▶ _ACTIVITY_
Give the entries below again exactly. Their pictures are not needed.

[Records from a data collection]

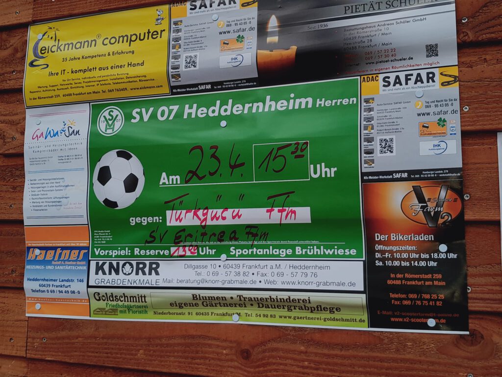 Saisonrekordkulisse an der Brühlwiese! 170 Zuschauer bildeten einen tollen Rahmen. Die Gäste brachten gut und gerne 60 Anhänger mit, aber auch das Heddernheimer Publikum strömte auf den Sportplatz. Im ersten Abschnitt war noch nicht abzusehen, dass die bis dahin torlose Partie sich nach dem Seitenwechsel in ein Spektakel der Hausherren verwandeln würde. In der Anfangsphase vergaben Oliver Solarz (Diagonalball auf den Stürmer, Gästekeeper Murat Nakipoglu unsicher), Christos Papadopoulos (Kopfball drüber) die ersten Gelegenheiten. Auf der anderen Seite tauchte Ertap Turgut gefährlich vor dem Heddernheimer Kasten auf, aber SVH-Keeper Marcin Czukiewicz war auf dem Posten. Zwei Pfostentreffer von SVH-Youngster Milan Drozdowski (26./34.) hätten die Führung bringen können, aber es ging torlos in die Kabinen.
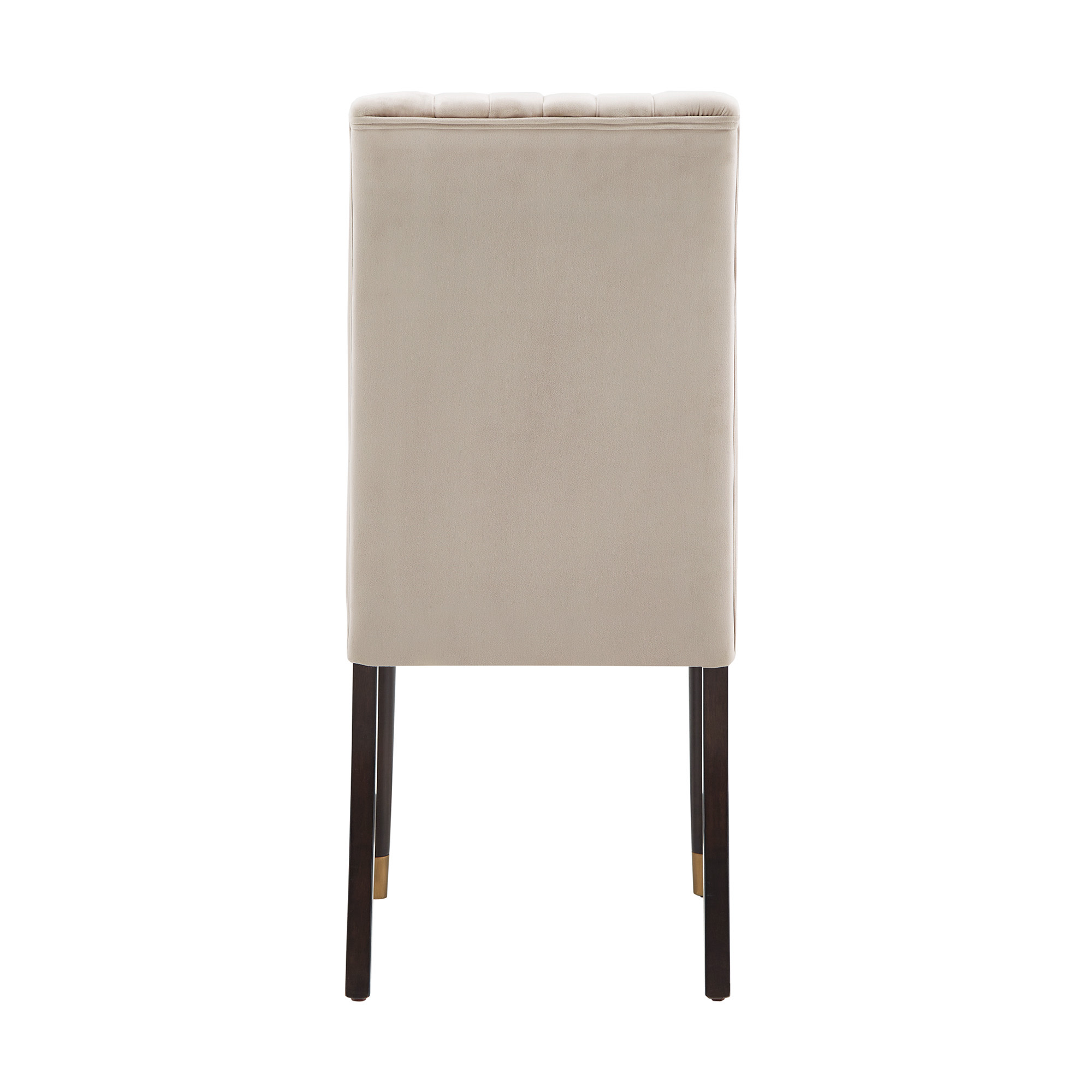 Overall chair dimensions: 19 in. width x 23 in. depth x 38 in. height Seat height: 18.62 in. Set includes two (2) dining chairs Warm, espresso wood finish on legs Decorative gold caps on front two legs add a pop of glamour Soft velvet upholstery Channel tufted backrests Made with rubberwood, MDF, foam, and velvet
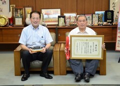 柔道界への多大な貢献で、柔道九段に昇段した棟田利幸氏の松山市文化スポーツ栄誉賞表彰式を行いました。
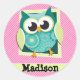 Sticker Rond Chouette verte sur bandes rose et blanche
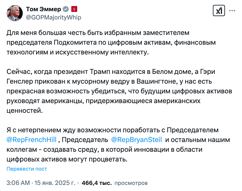 Законодатели также высказались, а представитель-республиканец Том Эммер заявил, что «принятие всеобъемлющего законодательства о рыночной структуре и стейблкоинах» будет главным приоритетом в Конгрессе.
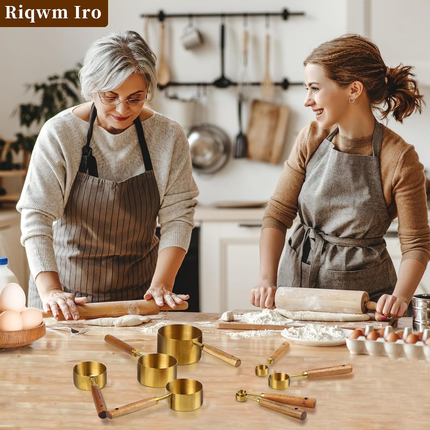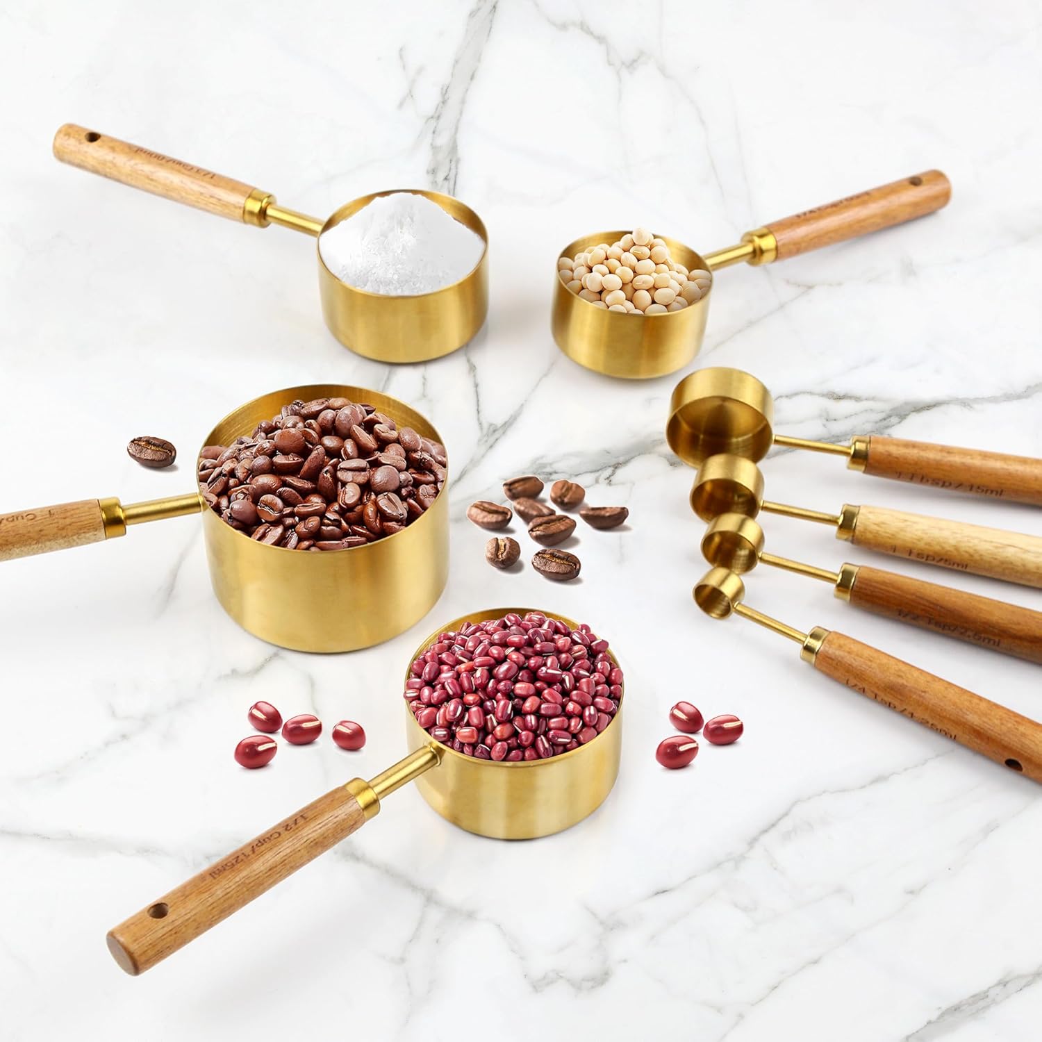 Gold Measuring Cups and Spoons Set,8 Piece Premium Stainless Steel Measuring Cups with Wood Handles,4 Stackable Wooden Measuring Cups and 4 Measuring Spoons Set for Baking Supplies in the Kitchen
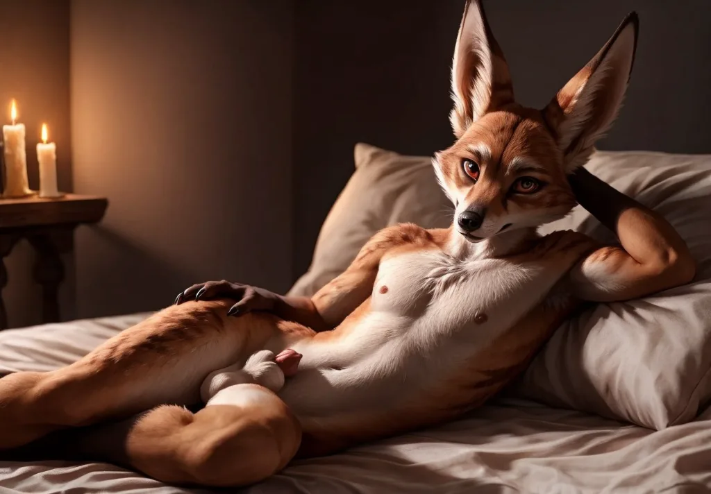 Fox Vulpera Nude On Bed Seductive Two Tone Fur | Yiff Party

▶ _PROBLEM SOLUTION_
 Saisonrekordkulisse an der Brühlwiese! 170 Zuschauer bildeten einen tollen Rahmen. Die Gäste brachten gut und gerne 60 Anhänger mit, aber auch das Heddernheimer Publikum strömte auf den Sportplatz. Im ersten Abschnitt war noch nicht abzusehen, dass die bis dahin torlose Partie sich nach dem Seitenwechsel in ein Spektakel der Hausherren verwandeln würde. In der Anfangsphase vergaben Oliver Solarz (Diagonalball auf den Stürmer, Gästekeeper Murat Nakipoglu unsicher), Christos Papadopoulos (Kopfball drüber) die ersten Gelegenheiten. Auf der anderen Seite tauchte Ertap Turgut gefährlich vor dem Heddernheimer Kasten auf, aber SVH-Keeper Marcin Czukiewicz war auf dem Posten. Zwei Pfostentreffer von SVH-Youngster Milan Drozdowski (26./34.) hätten die Führung bringen können, aber es ging torlos in die Kabinen.
 Overall chair dimensions: 19 in. width x 23 in. depth x 38 in. height Seat height: 18.62 in. Set includes two (2) dining chairs Warm, espresso wood finish on legs Decorative gold caps on front two legs add a pop of glamour Soft velvet upholstery Channel tufted backrests Made with rubberwood, MDF, foam, and velvet
 柔道界への多大な貢献で、柔道九段に昇段した棟田利幸氏の松山市文化スポーツ栄誉賞表彰式を行いました。
 Sticker Rond Chouette verte sur bandes rose et blanche
 Законодатели также высказались, а представитель-республиканец Том Эммер заявил, что «принятие всеобъемлющего законодательства о рыночной структуре и стейблкоинах» будет главным приоритетом в Конгрессе.
 Gold Measuring Cups and Spoons Set,8 Piece Premium Stainless Steel Measuring Cups with Wood Handles,4 Stackable Wooden Measuring Cups and 4 Measuring Spoons Set for Baking Supplies in the Kitchen
 Fox Vulpera Nude On Bed Seductive Two Tone Fur | Yiff Party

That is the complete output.